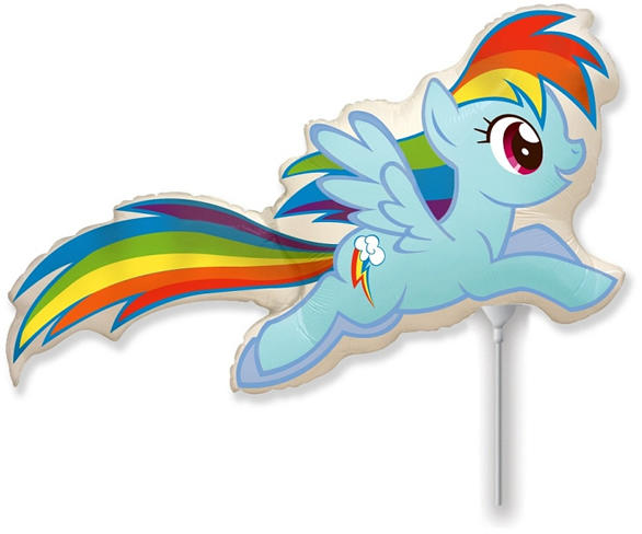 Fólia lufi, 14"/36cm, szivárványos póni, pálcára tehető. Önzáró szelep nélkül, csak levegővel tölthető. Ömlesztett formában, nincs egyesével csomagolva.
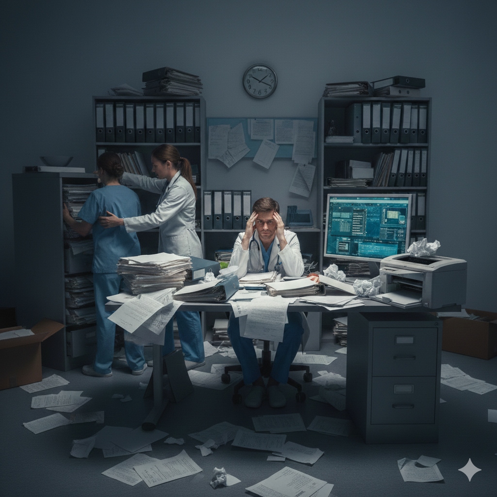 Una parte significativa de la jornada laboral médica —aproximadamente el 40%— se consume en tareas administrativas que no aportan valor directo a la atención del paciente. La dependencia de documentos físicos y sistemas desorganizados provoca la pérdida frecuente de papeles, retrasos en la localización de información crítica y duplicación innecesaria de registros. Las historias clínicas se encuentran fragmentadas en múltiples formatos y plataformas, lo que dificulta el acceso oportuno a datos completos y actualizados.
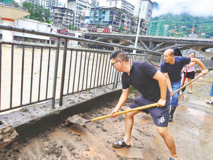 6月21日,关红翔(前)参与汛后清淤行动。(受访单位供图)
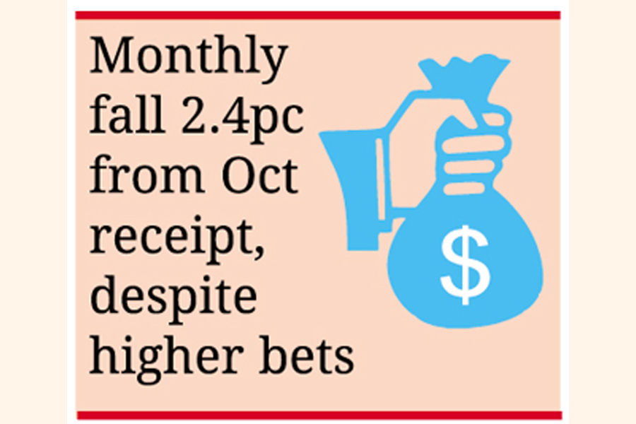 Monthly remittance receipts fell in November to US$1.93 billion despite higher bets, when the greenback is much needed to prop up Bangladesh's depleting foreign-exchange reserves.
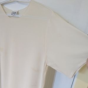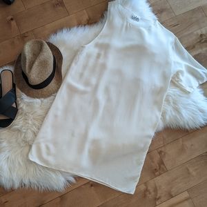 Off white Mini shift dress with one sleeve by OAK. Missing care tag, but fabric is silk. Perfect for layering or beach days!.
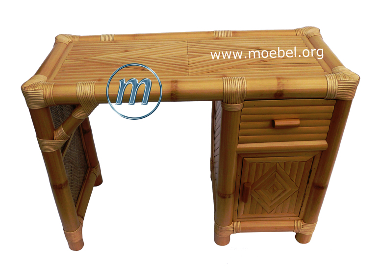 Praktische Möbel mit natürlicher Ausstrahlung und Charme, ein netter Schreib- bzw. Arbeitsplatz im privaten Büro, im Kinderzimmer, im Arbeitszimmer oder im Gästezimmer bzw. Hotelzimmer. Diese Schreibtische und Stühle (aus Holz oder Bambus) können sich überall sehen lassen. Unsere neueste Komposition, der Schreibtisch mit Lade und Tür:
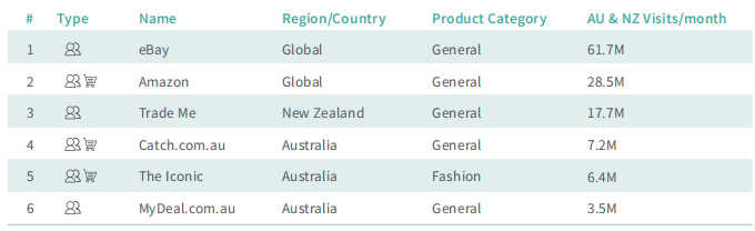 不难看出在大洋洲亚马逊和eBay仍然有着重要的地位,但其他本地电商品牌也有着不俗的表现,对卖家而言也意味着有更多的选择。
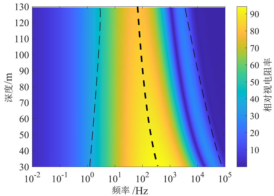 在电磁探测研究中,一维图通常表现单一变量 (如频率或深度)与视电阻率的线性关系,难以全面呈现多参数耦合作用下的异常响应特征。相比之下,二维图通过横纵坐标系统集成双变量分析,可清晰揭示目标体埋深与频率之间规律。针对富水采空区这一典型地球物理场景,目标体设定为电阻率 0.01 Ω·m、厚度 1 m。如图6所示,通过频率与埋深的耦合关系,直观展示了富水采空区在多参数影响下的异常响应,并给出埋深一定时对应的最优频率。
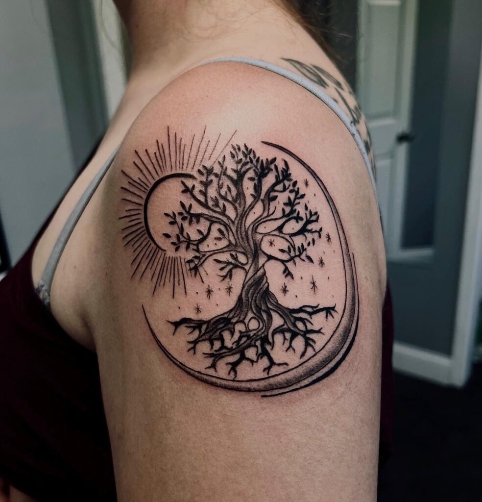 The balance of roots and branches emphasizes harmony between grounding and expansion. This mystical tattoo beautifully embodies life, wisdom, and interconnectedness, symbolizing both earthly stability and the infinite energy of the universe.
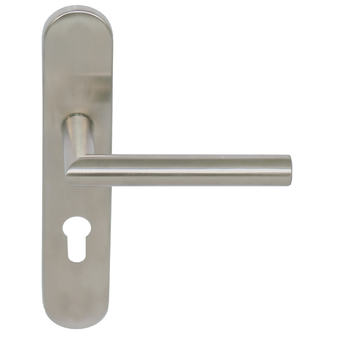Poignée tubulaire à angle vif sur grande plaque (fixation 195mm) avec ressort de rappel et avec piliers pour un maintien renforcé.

============

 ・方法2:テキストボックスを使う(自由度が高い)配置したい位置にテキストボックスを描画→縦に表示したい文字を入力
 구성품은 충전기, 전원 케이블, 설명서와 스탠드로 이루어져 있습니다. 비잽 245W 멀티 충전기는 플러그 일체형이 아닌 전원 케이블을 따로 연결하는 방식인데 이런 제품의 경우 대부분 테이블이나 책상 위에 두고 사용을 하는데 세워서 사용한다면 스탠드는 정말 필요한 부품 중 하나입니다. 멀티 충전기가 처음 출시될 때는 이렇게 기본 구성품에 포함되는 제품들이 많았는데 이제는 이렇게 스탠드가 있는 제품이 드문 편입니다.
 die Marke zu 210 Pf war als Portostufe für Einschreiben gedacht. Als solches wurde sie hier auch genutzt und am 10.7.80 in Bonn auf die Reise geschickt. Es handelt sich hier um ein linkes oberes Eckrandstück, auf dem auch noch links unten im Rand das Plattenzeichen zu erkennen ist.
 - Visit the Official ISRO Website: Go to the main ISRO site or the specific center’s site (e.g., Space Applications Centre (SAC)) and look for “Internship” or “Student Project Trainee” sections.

============

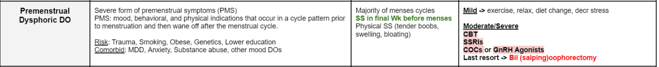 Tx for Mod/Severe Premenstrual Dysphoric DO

============

— ACTION ITEM —
Copy out the listing above from the line containing "nincs egyesével csomagolva." to the line containing "不难看出在大洋洲亚马逊和eB", both included, exactly as written and minus the images.

— REPLY TO THE EXERCISE —
 Fólia lufi, 14"/36cm, szivárványos póni, pálcára tehető. Önzáró szelep nélkül, csak levegővel tölthető. Ömlesztett formában, nincs egyesével csomagolva.
 Una parte significativa de la jornada laboral médica —aproximadamente el 40%— se consume en tareas administrativas que no aportan valor directo a la atención del paciente. La dependencia de documentos físicos y sistemas desorganizados provoca la pérdida frecuente de papeles, retrasos en la localización de información crítica y duplicación innecesaria de registros. Las historias clínicas se encuentran fragmentadas en múltiples formatos y plataformas, lo que dificulta el acceso oportuno a datos completos y actualizados.
 6月21日,关红翔(前)参与汛后清淤行动。(受访单位供图)
 Monthly remittance receipts fell in November to US$1.93 billion despite higher bets, when the greenback is much needed to prop up Bangladesh's depleting foreign-exchange reserves.
 Off white Mini shift dress with one sleeve by OAK. Missing care tag, but fabric is silk. Perfect for layering or beach days!.
 Praktische Möbel mit natürlicher Ausstrahlung und Charme, ein netter Schreib- bzw. Arbeitsplatz im privaten Büro, im Kinderzimmer, im Arbeitszimmer oder im Gästezimmer bzw. Hotelzimmer. Diese Schreibtische und Stühle (aus Holz oder Bambus) können sich überall sehen lassen. Unsere neueste Komposition, der Schreibtisch mit Lade und Tür:
 不难看出在大洋洲亚马逊和eBay仍然有着重要的地位,但其他本地电商品牌也有着不俗的表现,对卖家而言也意味着有更多的选择。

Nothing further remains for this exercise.